Эта элегия (вскоре опубликованная) важна для прояснения душевного состояния Пушкина на старте южного периода его жизни, в дни и месяцы тесного общения с Раевскими, которые стали для поэта единственным и вполне достаточным обществом, заменили привычный «свет». Думается, М. О. Гершензон заблуждался, утверждая в очерке «Северная любовь А. С. Пушкина» (1908): «На протяжении многих месяцев после приезда на юг его стихи и письма говорят об одном: о полной апатии, об омертвелости духа, о недоступности каким бы то ни было впечатлениям»[140]. Однако элегия «Погасло дневное светило…» являет нам гораздо более сложную гамму тогдашних пушкинских чувств. Ни о какой «апатии», «омертвелости духа» и тому подобном речи здесь не идет. Да, сердце поэта изранено и раны кровоточат, какая-то былая «безумная любовь»[141] и связанные с ней страдания и тоска не отпускают его, — но Пушкин, с упоением вспоминая прекрасное минувшее (и стараясь забыть никчемное: «минутной младости минутных друзей», «наперсниц порочных заблуждений» и т. д.), уже движется вперед, он «с волненьем» плывет, стремится в «волшебные края», где его ждут «новые впечатления».

Он открыт им — и душа поэта готова их вместить.

Жизнь продолжается, и в ней, черт побери, бывают-таки «счастливейшие минуты».

На том же бриге, «который нарочно отдан был в распоряжение Раевским», плывет и Мария. Скорее всего, она даже стоит на палубе рядом с Пушкиным, совсем-совсем близко, и, не нарушая торжественного молчания, смотрит в ту же, что и поэт, точку — на «берег отдаленный». Сумерки — слуги преданные, и благодаря им иногда можно незаметно взглянуть и на задумавшегося (верно, что-то сочиняющего) спутника.

Отец, братья и сестра, находящиеся тут же, и в самом деле ничего не замечают.

Машенька еще совсем юна и — так просится в стихи, не забыть бы! — недавно столь забавно, ну вылитый ребенок, бегала за морскими волнами. Чиста и восхитительна, не чета покинутым столичным «изменницам младым». Чего стоят хотя бы эти украдкой бросаемые взоры…

Потом, как рассказывала Мария Николаевна П. И. Бартеневу, «Пушкин ходил по палубе и бормотал стихи»[142]. Может быть, эти:

Лети, корабль, неси меня к пределам дальным
По грозной прихоти обманчивых морей…

Постепенно туман, стелющийся над неспокойным морем, и мрак южной ночи поглощают и невысокие силуэты, и самый удаляющийся бриг…

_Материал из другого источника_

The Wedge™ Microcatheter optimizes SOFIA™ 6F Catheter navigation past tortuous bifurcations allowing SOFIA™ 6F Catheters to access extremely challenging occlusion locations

В Гурзуфе, на даче герцога Ришелье, семейство Раевских оказалось в полном сборе: чуть ранее там уже обосновались приехавшие из Петербурга Софья Алексеевна Раевская и ее дочери Екатерина и Елена.

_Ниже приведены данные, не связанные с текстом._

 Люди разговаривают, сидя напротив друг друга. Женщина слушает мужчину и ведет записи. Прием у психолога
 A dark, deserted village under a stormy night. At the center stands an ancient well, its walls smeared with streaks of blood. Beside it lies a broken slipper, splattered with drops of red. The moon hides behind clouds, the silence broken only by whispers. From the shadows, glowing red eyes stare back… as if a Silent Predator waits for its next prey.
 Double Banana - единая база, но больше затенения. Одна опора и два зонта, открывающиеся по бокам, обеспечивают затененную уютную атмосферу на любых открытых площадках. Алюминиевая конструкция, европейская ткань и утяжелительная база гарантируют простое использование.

«Гурзуф — лучшая тогда дача на южном берегу — принадлежала герцогу Ришелье, который предложил Раевскому поместиться в ней. Дом двухэтажный, с двумя балконами, один на море, другой в горы, — вспоминала княгиня Волконская. — Тут же вблизи татарская деревня. Там ждала путешественников остальная семья Раевского, жена Софья Алексеевна (Константинова) и еще две дочери, старшая всем Екатерина (теперь Орлова) и Елена лет 16-ти. Пушкин особенно любезничал с первой, спорил с ней о литературе и пр. Елена была девушка очень стыдливая, серьезная и скромная. Она отлично знала по-английски и переводила из Байрона и В. Скотта на французский язык; но втихомолку рвала свои переводы и бросала. Брат рассказал о том Пушкину, который под окном подбирал клочки бумаг и обнаружил тайну. Он восхищался этими переводами, уверяя, что они необыкновенно близки. В Гурзуфе Пушкин достал какую-то старинную библиотеку и перечитывал Вольтера. Все разговоры иначе не велись, как по-французски»[143].

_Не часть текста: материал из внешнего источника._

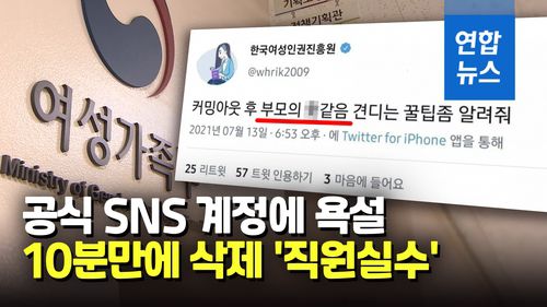 (서울=연합뉴스) 여성가족부 산하 한국여성인권진흥원이 공식 사회관계망서비스(SNS)에 욕설을 올려 물의를 일으킨 사건에 대해 여성가족부가 특별감사를 진행 중인 것으로 22일 확인됐습니다.

Солнечные дни летели весело и незаметно отнюдь не из-за Вольтера. Плешивый «фернейский крикун» получил скорую отставку. «Суди, был ли я счастлив: свободная, беспечная жизнь в кругу милого семейства; жизнь, которую я так люблю и которой никогда не наслаждался — счастливое, полуденное небо; прелестный край; природа, удовлетворяющая воображение — горы, сады, море; друг мой, любимая моя надежда [есть] увидеть опять полуденный берег и семейство Раевского», — признавался Пушкин брату той же осенью (XIII, 19).

С некоторых пор ему стало очень не хватать этого общества и раскованных французских бесед.

Гурзуфский парадокс: восстающий к жизни Пушкин не двигался с места, а вот хмурый Петербург постепенно удалялся от него на все большее расстояние.

В обшей сложности более трех месяцев провел Пушкин среди Раевских. Наконец пришло время отъезда, и 5 сентября поэт (в сопровождении старого генерала и Николая Раевского-младшего) покинул гостеприимную дачу и ее обитателей. Ему нужно было поспешать в Кишинев, возвращаться к благодетельному Инзову.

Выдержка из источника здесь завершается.